The Impact of Outages

Question

The Impact of Outages

Steve Jones - SSC Editor

SSC Guru

Points: 736212
More actions
July 31, 2011 at 9:02 pm

#149259

Comments posted to this topic are about the item The Impact of Outages

Viewing 9 posts - 1 through 8 (of 8 total)

You must be logged in to reply to this topic. Login to reply

phegedusich SSCommitted Points: 1552 More actions · Answer 1

This points out the necessity of testing patches and updates. Our cycle is long enough to engage the vendor if problems arise in the test environment. My supported systems haven't been negatively affected by patches, but if they are, we are prepared to react and sustain the business with minmal outage.

This is possible due to our robust DR environment. This should be a must-have. If you have critical production systems in the cloud, what is your DR strategy and practice? How do you continue to operate when the cord to the cloud is cut? Pencil and paper shouldn't be the first option on your recovery list.

chrisfradenburg SSCrazy Eights Points: 9592 More actions · Answer 2

I really like the chaos monkey idea but I don't think it makes senses to do it everywhere. The benefit that Netflix has is that everything is supposed to be automated so the end users are the clients. I work for a hospital system so the users are employees (office staff, doctors, nurses, etc) and the clients are patients.
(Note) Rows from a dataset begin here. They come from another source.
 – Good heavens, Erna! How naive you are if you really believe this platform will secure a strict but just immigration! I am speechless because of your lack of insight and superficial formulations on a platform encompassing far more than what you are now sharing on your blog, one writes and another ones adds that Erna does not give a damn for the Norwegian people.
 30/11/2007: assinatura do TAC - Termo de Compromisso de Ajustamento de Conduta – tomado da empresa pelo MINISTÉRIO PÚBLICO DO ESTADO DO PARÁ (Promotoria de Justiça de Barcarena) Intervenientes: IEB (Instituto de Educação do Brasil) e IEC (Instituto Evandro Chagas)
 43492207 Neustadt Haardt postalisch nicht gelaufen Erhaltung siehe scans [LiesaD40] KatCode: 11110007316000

Everyone agrees that our employees need to know how to operate without any given system and each department has plans in place for situations like that.

However, since the backup system provide a lower level of care I don't know that it's a wise idea to kill services and force the backup system into place. I think it's a good idea to tell people to act as if the primary is down and use the backup to confirm it does work and patients can be cared for. But if there is some issue I don't want to have to say, "Well, the DB got corrupted when the service was killed so you need to use the backup for another hour while we do a restore."
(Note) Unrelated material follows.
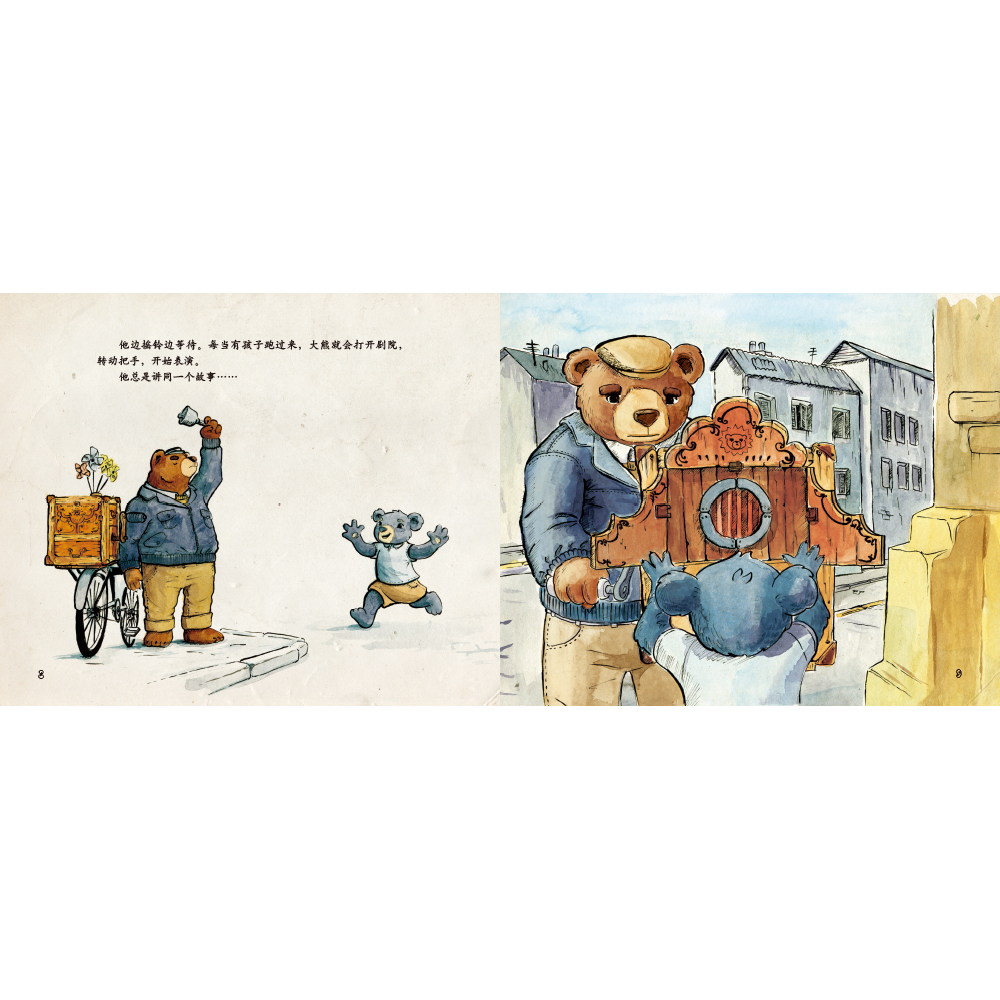 《大熊的故事剧院》熊先生有一个制造精巧的机械剧场匣子,每天带着它走街串巷为路人表演,剧场里讲述的是他自己坎坷波折的经历:熊先生、熊太太和熊宝宝本来过着简单快乐活,但突然出现的马戏团逮捕队袭击了他们的公寓,带走了熊爸爸和许多其他的动物邻居,强迫他们进行残酷的马戏团表演。在被迫与家人分离的漫长岁月里,熊爸爸在苦难中不断隐忍,终于找到了机会逃离马戏团,奋不顾身地与家人团聚……

Alan Vogan SSCrazy Points: 2513 More actions · Answer 3

Where is the link to the Netflix piece mentioned?

Steve Jones - SSC Editor SSC Guru Points: 736212 More actions · Answer 4

Steve Jones - SSC Editor

SSC Guru

Points: 736212

August 1, 2011 at 9:27 am

#1361645

My apologies, the links have been fixed.

Eric M Russell SSC Guru Points: 125561 More actions · Answer 5

From what I've seen, most outages (an extended period of time where all or a large number of users cannot access the application or some key feature of it) are either network related (ex: the DNS servers for a corporation or a major ISP are down), or a 3rd party service provider (like a credit card processor) is down and causing problems for organizations that rely on their service.

"Do not seek to follow in the footsteps of the wise. Instead, seek what they sought." - Matsuo Basho

Steve Jones - SSC Editor SSC Guru Points: 736212 More actions · Answer 6

cfradenburg (8/1/2011)
However, since the backup system provide a lower level of care I don't know that it's a wise idea to kill services and force the backup system into place. I think it's a good idea to tell people to act as if the primary is down and use the backup to confirm it does work and patients can be cared for. But if there is some issue I don't want to have to say, "Well, the DB got corrupted when the service was killed so you need to use the backup for another hour while we do a restore."

I'd argue that you this is even more important that you use the backup system. The chance that something won't work as well is there and you want to make a real simulation that the backup system can handle the load appropriately. People might not really test the backup system appropriately without is being forced to be the primary.

I certainly wouldn't want to unexpectedly make the switch with a chaos monkey, but I might schedule a few outages during the year and really test things

chrisfradenburg SSCrazy Eights Points: 9592 More actions · Answer 7

Steve Jones - SSC Editor (8/1/2011)
I certainly wouldn't want to unexpectedly make the switch with a chaos monkey, but I might schedule a few outages during the year and really test things

Right. Smoothly shut the server down. That way if there is an issue that can't be worked around without a lot of problem it's just a matter of booting the server.

Matt Miller (4) SSC Guru Points: 124210 More actions · Answer 8

You can still schedule outages and practice for the unexpected. Depending on how critical the uptime is - perhaps you want to practice offsite.

I worked for a Life Insurance company about a decade ago. As part of their DR exercises once a year, they had contracted for a third party auditing company to come up with a series of "chaos monkey" type events, that would randomly be added to the exercise. So - they put together a series of sealed envelopes with scenarios: each biannual exercise would get one envelope.

Some of the envelopes would be empty (i.e. no twists), but some included:

- bad backup (the set we left with the off-site backup company was replaced with blank disks).

- "dead operator" (the DR manager was declared incapacitated and was not allowed to interact at all from the moment they read the note).

- faulty equipment, etc...

In other words, enough to make life really miserable if you couldn't think on your feet.

----------------------------------------------------------------------------------
Your lack of planning does not constitute an emergency on my part...unless you're my manager...or a director and above...or a really loud-spoken end-user..All right - what was my emergency again?